Thomas learnt the Welsh language from the age of 30, – too late in life, he said, to be able to write poetry in it. The 1960s saw him working in a predominantly Welsh-speaking community and he later wrote two prose works in Welsh, Neb (Nobody), an ironic and revealing autobiography written in the third person, and Blwyddyn yn Llŷn (A Year in Llŷn). In 1964 he won the Queen's Gold Medal for Poetry. From 1967 to 1978 he was vicar of St Hywyn's Church (built 1137) in Aberdaron at the western tip of the Llŷn Peninsula.

Thomas retired as a clergyman in 1978. He and his wife moved to Y Rhiw, into "a tiny, unheated cottage in one of the most beautiful parts of Wales, where, however, the temperature sometimes dipped below freezing," according to Theodore Dalrymple. Free from church constraints, he was able to become more political and active in campaigns that were important to him. He became a fierce advocate of Welsh nationalism, although he never supported Plaid Cymru, as it recognised the Westminster Parliament and so in his view fell short in its opposition to England.

Thomas was nominated for the 1996 Nobel Prize in Literature, the winner of which was Wislawa Szymborska. He received the 1996 Lannan Literary Award for Lifetime Achievement.

Thomas died on 25 September 2000 aged 87, at his home in Pentrefelin near Criccieth, survived by his second wife, Elizabeth Vernon. He had been ill with a heart condition and treated at Ysbyty Gwynedd in Bangor until two weeks before he died. A memorial event celebrating his life and poetry was held at Westminster Abbey with readings from Heaney, Andrew Motion, Gillian Clarke and John Burnside. Thomas's ashes are buried near the door of St John's Church, Porthmadog, Gwynedd.

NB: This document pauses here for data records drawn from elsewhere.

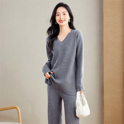 2025新作 韓国風ニット セットアップ パンツ ニットパンツ レディース きれいめ 秋冬 長袖 冬 Vネック ウール セーター ワイドパンツ ワンマイルウェア 2点セット 上下セット ロングパンツ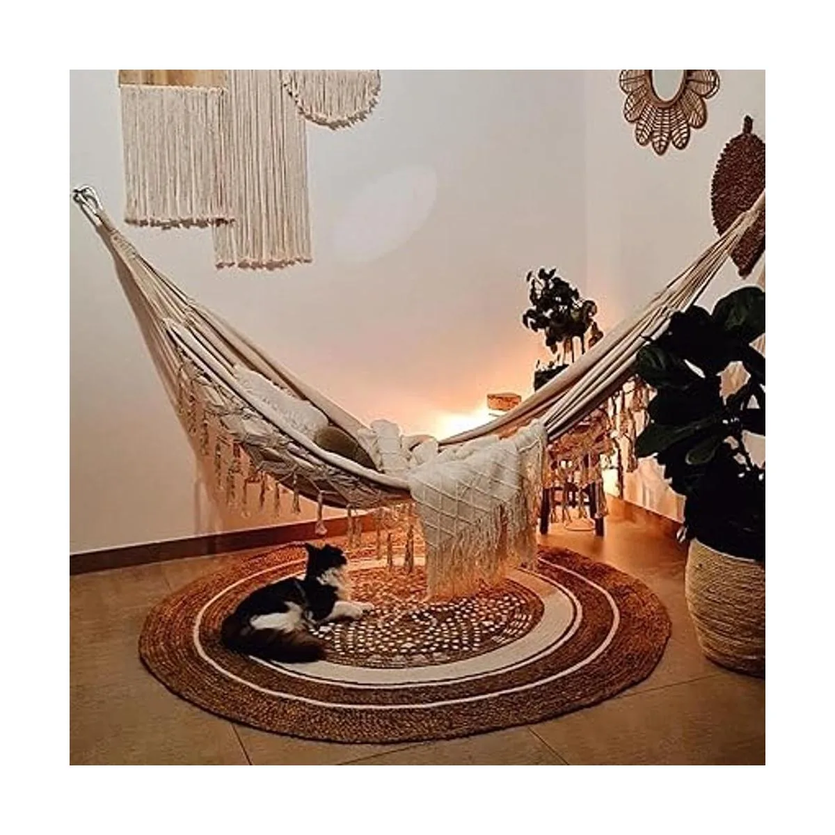 Un elegante diseño de borlas colgantes en los lados hace que nuestra hamaca se vea muy llamativa. Imagina que estás tumbado en esta elegante hamaca en tu jardín o en la playa, el sol se pone, amigos y familiares están a tu alrededor, qué escena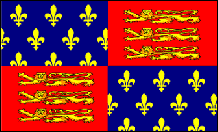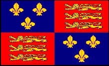 The Royal Standard of England 1307-1405 Royal Standards had the place now taken by national flags. This particular standard was used during the reigns of Edward II (1307-1327), Edward III (1327-1377), Richard II (1377-1399) and the first part of the reign of Henry IV (1399-1413). The first quarter of a flag, top left if the hoist is at the left, is the position of greatest importance. The French fleur-de-lis in the first quarter show that the Plantagenet Kings still thought that their claim to the throne of France was more significant than their occupation of the throne of England. In 1365, the fleur-de-lis on the French Royal Standard were changed from a "scatter" across the whole field, to a symmetrical arrangement of just three flowers. In 1405, Henry IV had the English Coat of Arms redesigned to reflect the change. The Royal Standard of England 1405-1603 The Royal Standard of 1405-1603 was the same basic design, but used the new fleur-de-lis arrangement. It was used for the reigns of Henry IV (1399-1413), Henry V (1413-1422), Henry VI (1422-1471), Edward IV (1461-1483), Edward V (1483), Richard III (1483-1485), Henry VII (1485-1509), Henry VIII (1509-1547), Edward VI (1547-1553), Mary I (1553-1554), and Elizabeth I (1558-1603). |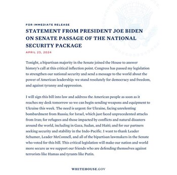 En opinión del presidente la necesidad de esta ayuda militar era "urgente", ya que Ucrania se enfrenta "al bombardeo sin descanso de Rusia"; también para Israel, que ha experimentado "ataques sin precedentes de Irán" y para el Indo-Pacífico.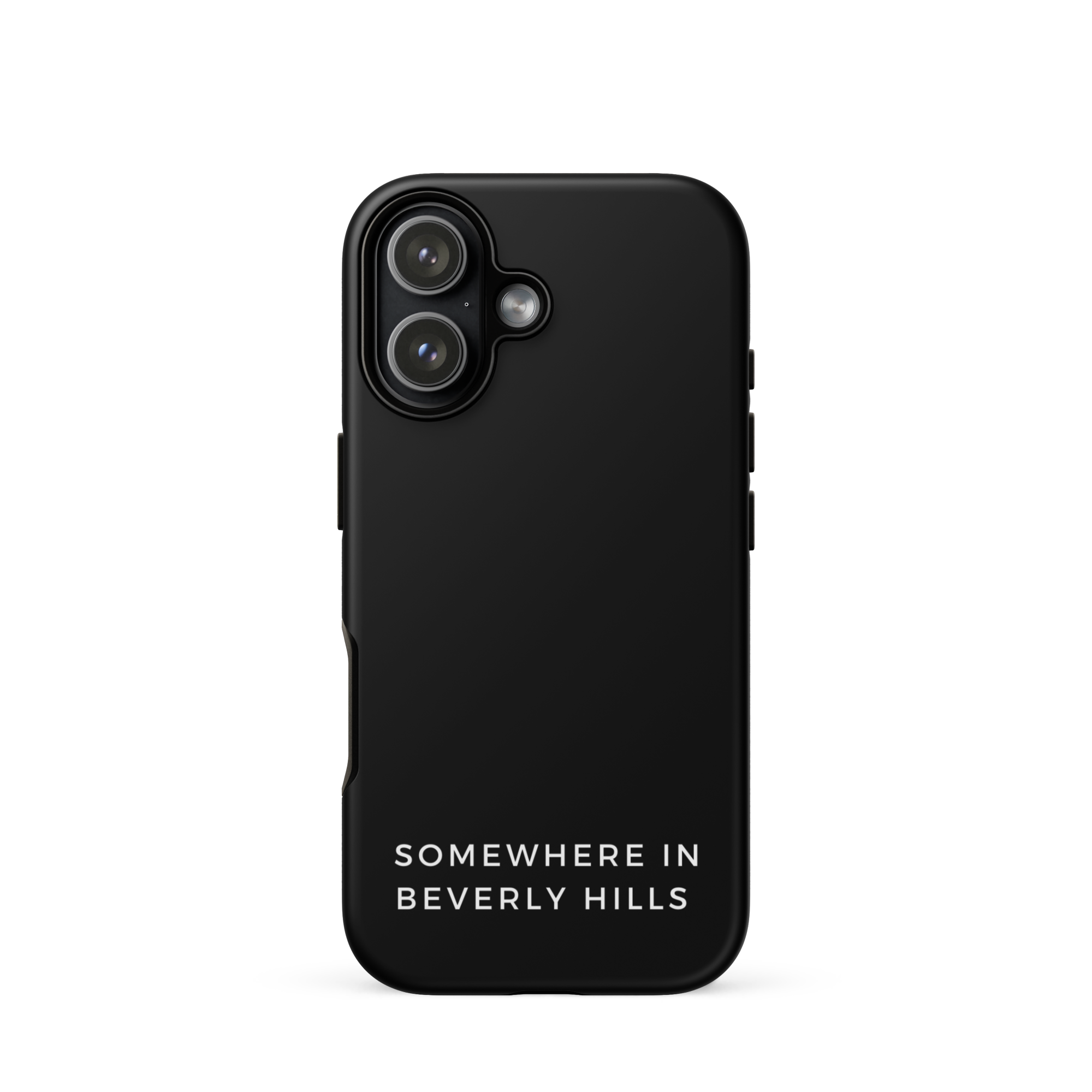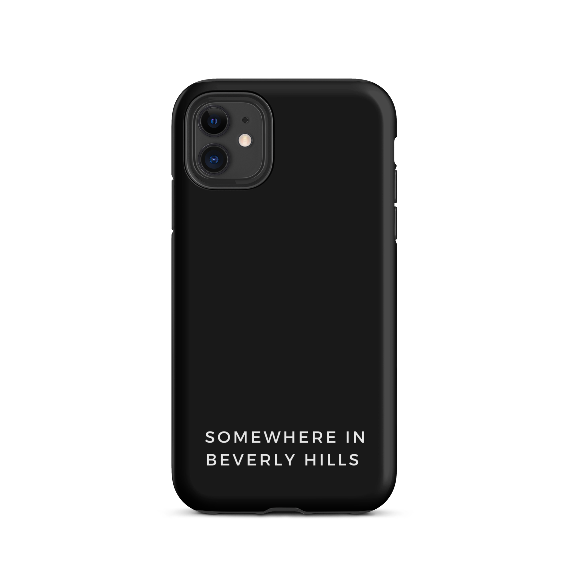 Matte black iPhone case with SOMEWHERE IN DENIAL text.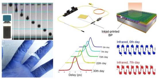 在黑磷噴墨打印技術的研究中,張夢老師及其課題組通過精確控制墨水化學成分并平衡其相互競爭的流體效應得到穩定的黑磷墨水,該墨水能高質量、高均勻性、高速地大規模打印新型功能性光電器件。采用該方法打印的黑磷應用到激光器中用作超快光開關,將激光器的連續光輸出轉變為超短脈沖序列,有利于該項技術在工業和醫療方面的推廣應用。張夢老師表示:“相比于其它研究,我們使用打印黑磷設計的非線性光學器件顯著提升了運轉性能和穩定性。”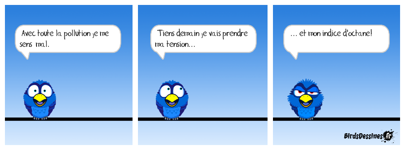 Case 1:Bird 1: Avec toute la pollution je me sens mal. | Case 2: Bird 1: Tiens demain je vais prendre ma tension... | Case 3: Bird 1: ... et mon indice d'octane!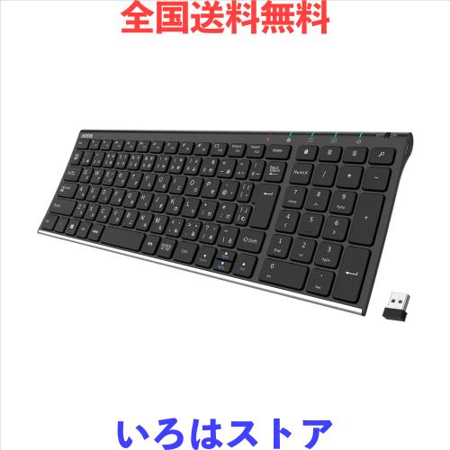 Arteck HW193 2.4G ワイヤレスキーボード日本語配列 無線ステンレススチール 軽量 フルサイズキーボード テンキー付き コンピューター、

==Beliefs and contribution to spirituality==
===Religious views===
Thomas's son, Gwydion, recalls his father's sermons, in which he would "drone on" to absurd lengths about the evil of refrigerators, washing machines, televisions and other modern devices. Thomas preached that they were all part of the temptation of scrambling after gadgets rather than attending to more spiritual needs. "It was the Machine, you see," Gwydion explained to a biographer. "This to a congregation that didn't have any of these things and were longing for them." Although he may have taken some ideas to extreme lengths, Theodore Dalrymple wrote, Thomas "was raising a deep and unanswered question: What is life for? Is it simply to consume more and more, and divert ourselves with ever more elaborate entertainments and gadgetry? What will this do to our souls?" He had a reputation, which perhaps he cultivated, of being not always charitable and sometimes awkward and taciturn. Some critics have interpreted photographs of him as indicating he was "formidable, bad-tempered, and apparently humourless."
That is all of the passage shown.